Am I asking users to make time-sensitive decisions or decisions in which additional, well-placed information would save them heartache?
Can I present the reputation in a way that is fair and comprehensible and doesn’t overwhelm the presentation of the content?

Public reputations are used for hundreds of purposes on the Web: to compare items in a list on the basis of community member feedback, evaluate particular targets for online transaction trustworthiness, filter and display top-rated message board posts, rank the best local Indonesian restaurants, show today’s gallery of the most interesting photos, to display leaderboards of the top-scoring reputation targets, and much more.

Over time, public reputations can evolve to represent your community’s understanding of its own zeitgeist. And there’s the rub: depending on how you use public reputation, you can alienate users who aren’t part of the in crowd. For example, Yelp is all about public ratings and reviews of local restaurants, but it isn’t used extensively by people over 50. Most of the reviews are written by twentysomethings (most “Yelpers” are between the ages of 26 and 35) who seem to be mostly interested in a restaurant’s potential as a dating hangout.

Tip

Public reputations are helpful for allowing users to compare like items. Public karma reputations also serve as an effective extension of a person’s identity.

Corporate Reputations Are Internal Use Only: Keep Them Hush-hush

Almost every website with a large volume of user-generated content is using hidden reputation scores internally—as a means of tracking exactly who is saying what about a content item or another user:

When users click the Spam button in a webmail application, they contribute to a database of IP addresses for abusive mail servers.
Web crawlers constantly scan the Web to examine what sites link to what other sites and to calculate a hidden score such as Google’s PageRank.
Yahoo! Answers tracks corporate reputation for users who are particularly good at identifying bad content and gives them more power to hide bad content quickly.

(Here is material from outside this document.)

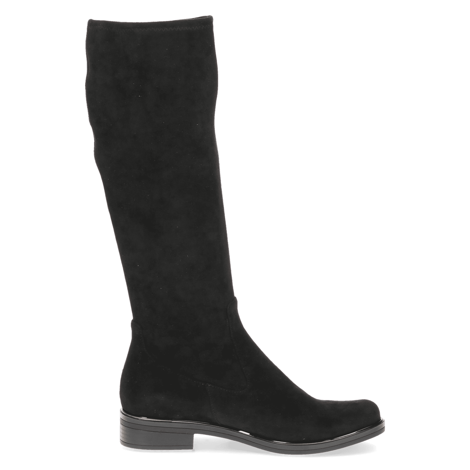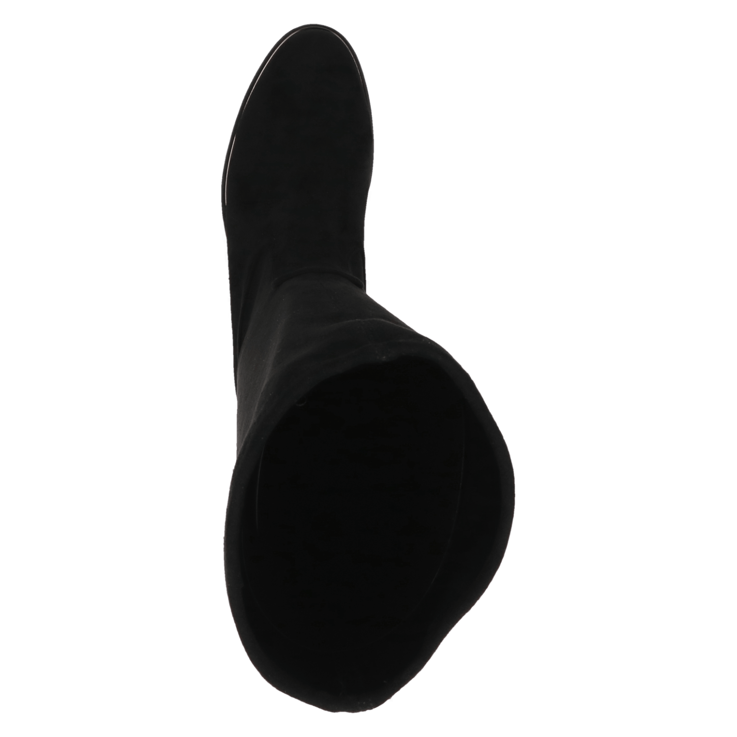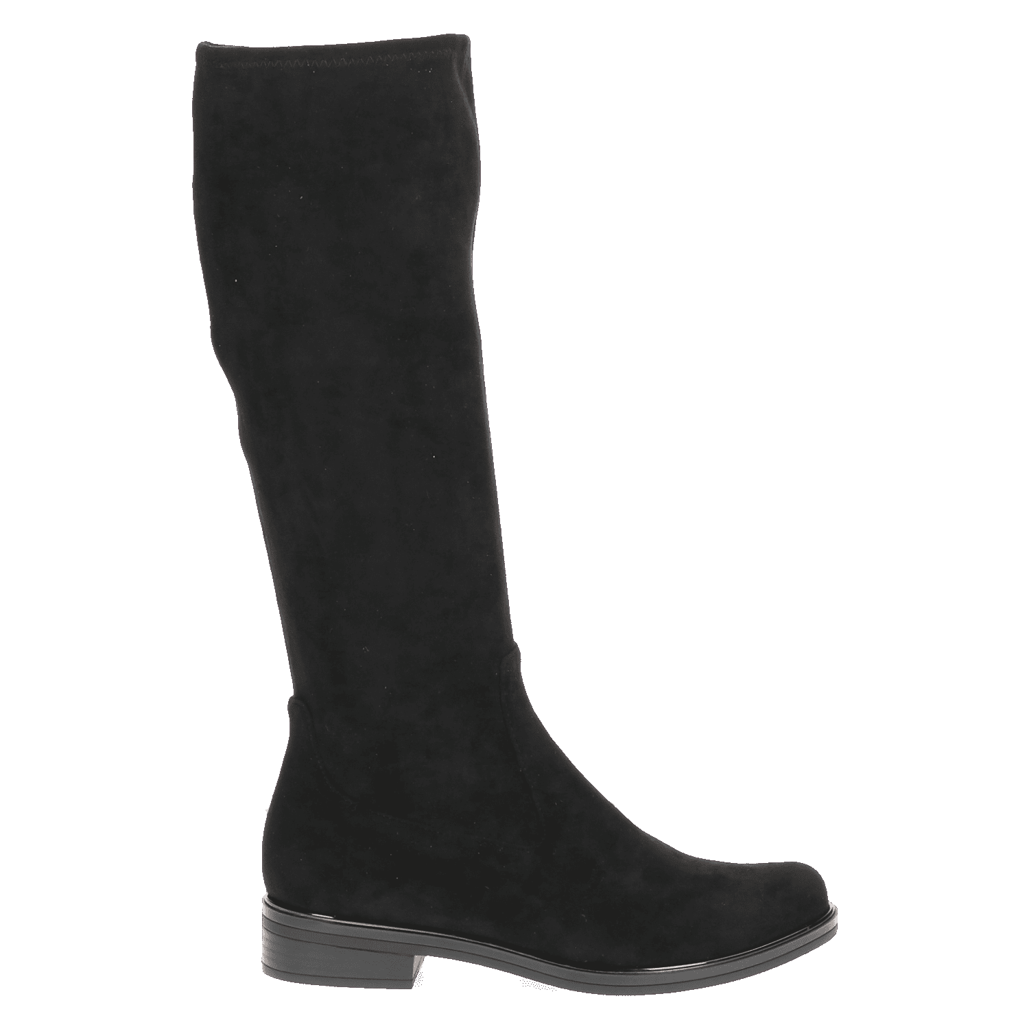 Univerzální nadčasové kozačky. Vrchní materiál obuvi je strečová textílie, ktera se dokonale přizpůsobí šíři Vašeho lýtka. Vnitřek kozaček je syntetika v kombinaci s textilem. Vyměkčená nášlapná stélka je textilní. Barva u tohoto vzoru je černá. Podešev je syntetická, flexibilní. Výška podpatku je cca 2 cm. Obvod lýtka je variabilní díky strečovému materiálu a výška od podešve nahoru je cca 37,5 cm.

And internally used reputation scores need not always be acted on immediately by scripts or bots; they can also be a very helpful tool for human decision making. Community managers often use corporate reputation reports on the most active, connected, and highest-quality user contributions and creators. They might use the information to generate high-quality best-of galleries to promote a site, or they might invite top contributors to participate in early testing of new designs, products, or features. Finally, user actions often are aggregated into reputations for behavioral targeting of advertising, customer care planning and budgeting, product feature needs assessment, and even legal compliance.

Tip

Even if your site wouldn’t benefit from any public or personal form of reputation display, you probably need to track corporate (internal) reputation scores to understand what your users are doing, tune your site development, and optimize support costs.

How Will You Use Reputation to Modify Your Site’s Output?

After deciding which reputation scores to display to whom, you’ll need to decide how to use the scores to change the way your application works. It’s easy to think that all you need to do is display a few stars here or a few points there—but if you stopped there, you wouldn’t capture the most value from reputation.

To use reputation without displaying it, focus on how to identify the outlying reputable entities (users and content) to improve the quantity and quality of interaction on your site. When you’re selecting patterns, review the goals you set for your system (see Chapter 5). If you’re primarily concerned about identifying abusive behavior, focus on filtering and decisions. If you’re going to display a lot of public reputation over many entities, focus on ranking and sorting to help users explore your content.

We’ll cover patterns for making use of the reputation of entities in Chapter 8.

Reputation Filtering

At its simplest, filtering consists of sorting by one or more reputation dimensions and looking only at the first or last entries in the list to identify the highest and lowest scoring entities for further, even automatic, action. In reality, many reputations used for filtering are often made of more numerous and complex inputs than reputations built for public display in rankings or sorted lists.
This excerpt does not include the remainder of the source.